BioWare switches SWTOR team around to create more PvP, end game content

By Stephany Nunneley

SWTOR lead designer Daniel Erickson has said the team at BioWare has realized how large the PvP community is, so it has “turned a huge amount of resources” towards creating more content. He also told RPS that more team members have been assigned to create end game content as players are approaching the current cap faster than previously thought.

According to Erickson, more events like the Rakghoul Outbreak are also on the way. Like the Corrupted Blood Plague from World of Warcraft, the Rakghoul virus went from player-to-player providing not only a “mid-storyline surprise” for players, but a chance to explode as well.

“Part of the magic of doing something like this is that it feels organic and gives you a sense that the world is changing,” Erickson said. “A surprise you’re warned about ahead of time isn’t much of a surprise.”

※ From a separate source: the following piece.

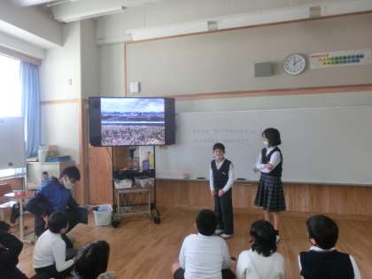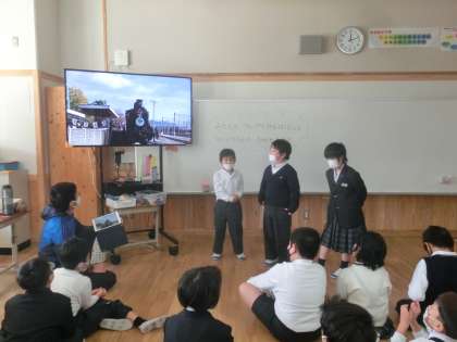 どんなことをしたのか,グループごとにGIGAタブレットで撮った写真を見ながら発表しました。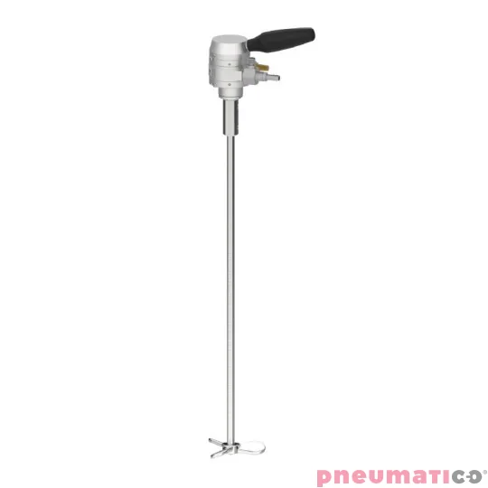 Mieszadło AA MAN z silnikiem pneumatycznym służy do spulchniania, mieszania i utrzymania konsystencji płynnych materiałów powłokowych. Powyższy model charakteryzuje się silnikiem o moc 0.07kW ( 70W ). Mieszadło możemy zamontować na statywie bądź używać ręcznie. Wałek mieszadła wykonany został ze stali kwasoodpornej. Prędkość obrotową mieszadła można regulować w zakresie od 0 do 800 obr/min. Należy pamiętać by łopatki wirnika były w odległości min 25mm od ścianki i dna zbiornika.

“We definitely learned a lot of cautionary lessons [from World of Warcraft] about what to watch out for and protect against if you let your players loose with a contagion. We had a pretty good idea players would spread it no matter how hard we tried to stop them, so instead we encouraged it with rewards and quests and then ran every possible scenario we could think of to make sure it didn’t create any unintended consequences.

“There were two things we actively tried to encourage with the event, and those were community involvement in solving the mystery and free-roaming PVP on the PVP servers. Both were successes.”

Erickson said the team learned “two big lessons coming out of not just launch but beta testing,” when it came to development direction, one of which was not to underestimate the popularity of PvP among MMO players.

“Although we had not originally planned the game to be heavily PVP-focused, the ease of getting in and playing the Warzones combined with their fun design gave us the highest PvP participation of any modern triple-A MMO,” he said. “At that point we turned a huge amount of our resources to PVP development, but we’re still playing a bit of catch-up, and that is understandably frustrating to our most advanced PVP users.

“The second [lesson] was that the better your leveling content, the longer people would play in single sessions, and that when people are playing an average of five-or-six-hours-a-pop, they devour your content at an amazing pace. That meant moving more teams to end game content earlier than we had expected.”